[Task description] Copy the data precisely, character for character, and leave out every picture.

[Data]
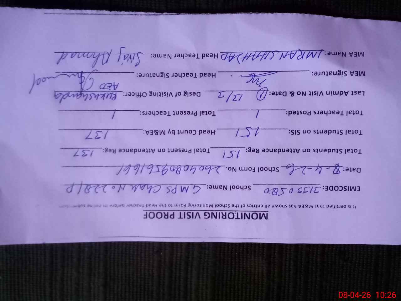 | Attendance Register | Head Teacher | MEA with School | Visit Proof |
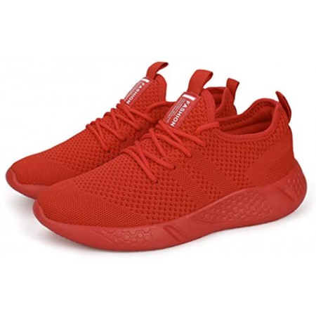 Men's Non Slip Gym Sneakers Lightweight Breathable Athletic Running Walking Tennis Shoes Red
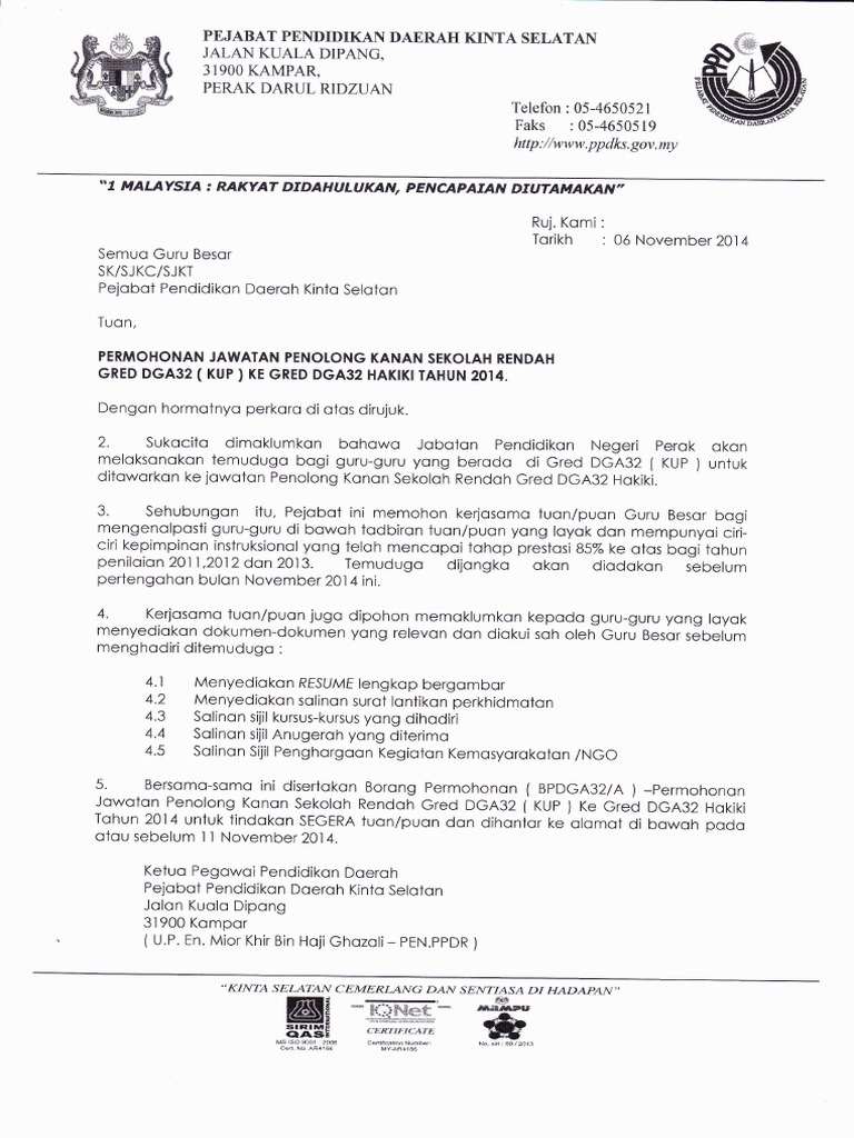 Surat Permohonan Jawatan Guru Penolong Kanan J Kosong W
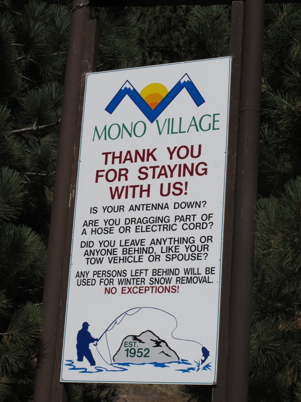 Ich gelangte zurück in die Zivilisation an einer Kette, die über den Weg gespannt war. Dahinter standen die größten Wohnmobile, die ich je gesehen hatte. Ein Mann saß entspannt vor seinem Vehikel und sah mir gelangweilt dabei zu, wie ich über den Campingplatz ging. Die Leute hier hatten auf jeden Fall eine andere Auffassung von „Camping“ als ich. Und dann kam ich zur Ausfahrt des Campingplatzes. Hier also, nach 17 Tagen, 195 Meilen und 16000 Höhenmetern, nach Grouse Lake Pass, Goat Crest Saddle, Grey Pass, White Pass, Red Pass, Frozen Lake Pass, Mather Pass, Cirque Pass, Potluck Pass, Knapsack Pass, Muir Pass, Snow Tongue Pass, Puppet Pass, Feather Pass, White Bear Pass, Gabbot Pass, Bighorn Pass, Shout-of-Relief Pass, Duck Pass, Mammoth Pass, Nancy Pass, Whitebark Pass, Glacier Lake Pass, Blue Lake Pass, Vogelsang Pass, Tuolumne Pass, Mine Shaft Pass, Sky Pilot Col, Stanton Pass und Horse Creek Pass, hier ging es zu Ende. Die ereignislose Nachmittagsruhe um mich herum stand in seltsamem Kontrast zur Freude und Genugtuung in meinem Inneren. Ich ballte nur kurz die Fäuste, dann nahm ich den Rucksack ab und begann mich nach einer Mitfahrgelegenheit nach Bridgeport umzusehen. Das unspektakuläre Ende einer großen Tour

[Exercise solution]
 | Attendance Register | Head Teacher | MEA with School | Visit Proof |
 Men's Non Slip Gym Sneakers Lightweight Breathable Athletic Running Walking Tennis Shoes Red
 Surat Permohonan Jawatan Guru Penolong Kanan J Kosong W
 Ich gelangte zurück in die Zivilisation an einer Kette, die über den Weg gespannt war. Dahinter standen die größten Wohnmobile, die ich je gesehen hatte. Ein Mann saß entspannt vor seinem Vehikel und sah mir gelangweilt dabei zu, wie ich über den Campingplatz ging. Die Leute hier hatten auf jeden Fall eine andere Auffassung von „Camping“ als ich. Und dann kam ich zur Ausfahrt des Campingplatzes. Hier also, nach 17 Tagen, 195 Meilen und 16000 Höhenmetern, nach Grouse Lake Pass, Goat Crest Saddle, Grey Pass, White Pass, Red Pass, Frozen Lake Pass, Mather Pass, Cirque Pass, Potluck Pass, Knapsack Pass, Muir Pass, Snow Tongue Pass, Puppet Pass, Feather Pass, White Bear Pass, Gabbot Pass, Bighorn Pass, Shout-of-Relief Pass, Duck Pass, Mammoth Pass, Nancy Pass, Whitebark Pass, Glacier Lake Pass, Blue Lake Pass, Vogelsang Pass, Tuolumne Pass, Mine Shaft Pass, Sky Pilot Col, Stanton Pass und Horse Creek Pass, hier ging es zu Ende. Die ereignislose Nachmittagsruhe um mich herum stand in seltsamem Kontrast zur Freude und Genugtuung in meinem Inneren. Ich ballte nur kurz die Fäuste, dann nahm ich den Rucksack ab und begann mich nach einer Mitfahrgelegenheit nach Bridgeport umzusehen. Das unspektakuläre Ende einer großen Tour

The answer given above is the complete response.